There’s more though — the thing about category defining companies, they don’t give a damn about the stock! RBLX shrugged it off, disclosed it acquired a Discord rival called Guilded, and made bold promises on how it is building for a Metaverse future.
Quick look down Venture Street 👀
First — Zupee, a gamified quizzing platform, closed a $30 million Series B round from Silicon Valley’s WestCap Group, and others, at a $500 million.
Zupee runs a mobile app, targeting heartland India, with a bunch of paid and free quizzes that users take for a chance to win a big pot. Users have 10x’ed during COVID to 35 million, with a 15% paid base.
Big picture — trivia may be how these products get their teeth in, the opportunity to expand to adjacent services including fantasy sports, upskilling, and even EDTEK, is quite promising.
Meanwhile, at the weekly Thrasio conference... 🙄
Another ecommerce roll-up aspirant, UpScalio, raised $42.5 million from Presight Capital. The mandate is simple, find brands that grew big on platforms like Amazon, but are mismanaged or have scope for improvement, and then streamline them, while building a portfolio of multiple such intertwined brands.

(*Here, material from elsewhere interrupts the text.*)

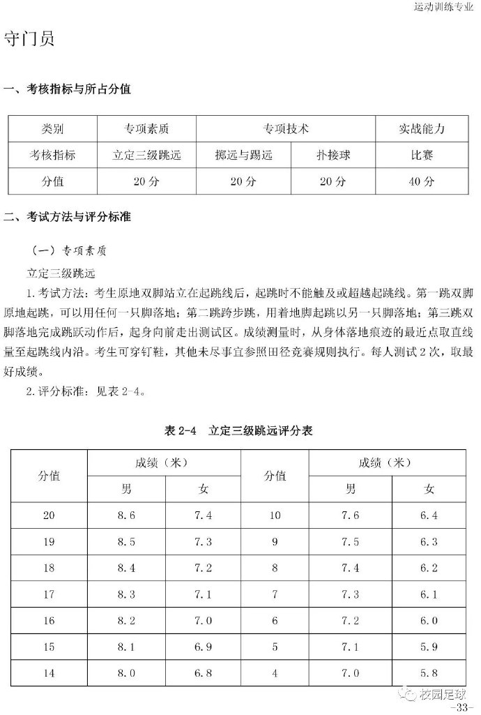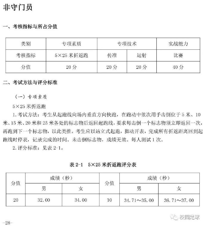 4.守门员增加出球前和出球后的位置规定,扑接球由原来的10个改成6个,具体考试方法也有变动。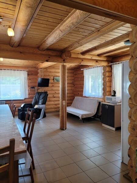 На первом этаже расположена большая гостиная с кухонной зоной и всей необходимой бытовой техникой (холодильник, плита, электрочайник, посуда на 20 персон: тарелки, бокалы, стаканы, рюмки, столовые приборы, сковорода), большой деревянный стол, стулья, два двуспальных дивана, плазменный телевизор с USB, массажное кресло;

Over the past 6 months alone, at least 7 companies have raised multi-million dollar rounds on this pitch in India.
Closing out — Leela is crumbling 🙁
Pandemic’s latest casualty — Leela Group of hotels. Unable to pay dues on a ₹5,000 crore debt pile, the company’s founders, the Nair Family, have been kicked off the business’ managerial roles, taking the company for the first time outside of family control.
Leela runs celebrated resorts as well as major IT parks nationwide, and had been struggling with debt problems since forever. COVID stepped on that wound, freezing revenues, and despite the company vigorously selling its properties, $$ wasn’t enough to sustain operational costs and pay lenders’ bills.
Bottomline — healthcare crisis may be leaving us, but it’ll take 3 to 5 years for the actual corporate damage and blowbacks to play out.
What else are we snackin’ 🍿
👩 TWTR’s crypto move - Twitter is cooking up a decentralized social platform codenamed Bluesky, and a famed crypto developer has been hired to kick off the party.
🛂SOS - India opened up online visas for Afghans as global countries scramble to accommodate refugees.